This visual timeline follows the long review of Canada's proposed export pipelines: IHS Markit

Image: Kinder Morgan Canada

It has been seven years since a long-distance pipeline project departing western Canada has been completed, despite nearly 2.9 million bbls/d of capacity being proposed.

As IHS Markit outlines in the new Oil Sands Dialogue report Pipelines, Prices and Promises, given that projects have failed to materialize, "concern has been expressed that the review process has become increasingly uncertain, contentious, lengthy, and as a result, costly."

The single greatest source of uncertainty in the pipeline review process in recent years has come after regulators have made their recommendations and when elected officials needed to issue a decision, IHS Markit notes.

A key example of this was the National Energy Board issuing approval to the Northern Gateway Pipeline, subject to 209 conditions, in late 2013. This was followed by federal approval under Prime Minister Stephen Harper in 2014, which was overturned by Prime Minister Justin Trudeau in late 2016.
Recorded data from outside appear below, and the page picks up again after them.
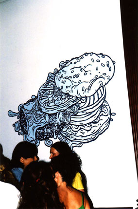 LEO (LIO) MALKA – was there, and he told me he had bought several of Taylor’s ‘hamburger’ paintings from ‘those girls’ over at CLEMENTINE – but he couldn’t make head over heels – what this new stuff was about, and he looked as if he had just seen his hard won dough (right !!) flushed down the toilet, that’s what I mean, dumbass. I think it even turned him off from buying contemporary ’emerging’ art altogether from that day forward. he has tons of HARINGS & BASQUIATS, so what !!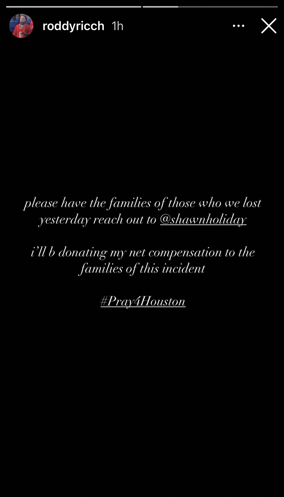 ロディ・リッチはアストロワールドフェスに出演した翌日、インスタグラムのストーリーズを更新。そこには「昨日亡くなった人の家族の方はショーン・ホリデーに連絡するように拡散してください」と、コロンビア・レコードの共同責任者を務め、現在は自身のマネージメントを担当するショーン・ホリデーに連絡するよう呼びかけると、「僕の報酬はこの事件の遺族に寄付します。#ヒューストンに祈りを」と、自身のギャラを全額寄付することを発表。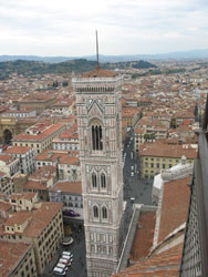 They say it’s 463 steps but it seems more like 4,000 – it’s the Mount Everest of cathedral tours. The architect, Brunelleschi, obviously had not anticipated that his Duomo would one day be invaded by a never-ending stream of rabid tourists – there’s only one narrow stairway up to the top – so the only way up is also the only way down. It’s a fire marshal’s nightmare come true! The stairway is so narrow that you can’t even pass someone on the stairway. One aggressive group has to make its way up or down while another group has to wait on the landing. At times, tourists began to temperamental - it must be hellish during ‘high tourist season.’ I’m not really complaining. I work in the public schools in Brooklyn so I used to climbing a lot of stairs. They wouldn’t make you climb this many stairs in Vegas! In Vegas, they’d have an escalator installed with a wet bar and a cocktail waitress on each landing – and of course, a paramedic standing by in case you overdid it at the all-you-can-eat lasagna buffet.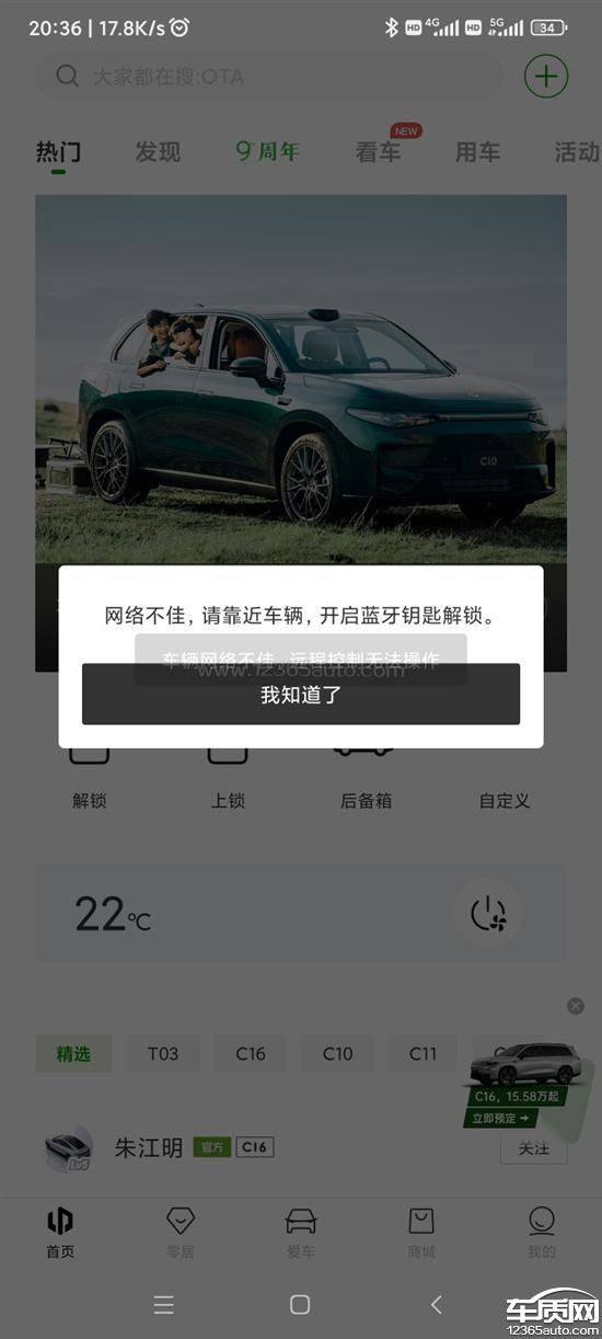 车辆停放在市中心,周围空旷,未停放在地库、建筑内等可能导致信号差的地方,且手机网络正常,但车机网络无法连接,导致APP无法进行车辆解锁。联系客服重置车机网络后仍无法解决。

At the same time Trudeau also issued a federal permit for the Trans Mountain Pipeline Expansion.

However, a pipeline receiving a permit does not mean the process is over, IHS Markit notes.

"Between permitting, construction and ultimately operation, many additional factors can affect project completion. These can include adhering to any number of conditions imposed by government, addressing public interests and interests of particular groups, and responding to requests for judicial review," the report says.

"The story on these pipelines is not over, since none have been completed and the potential for additional delay exists."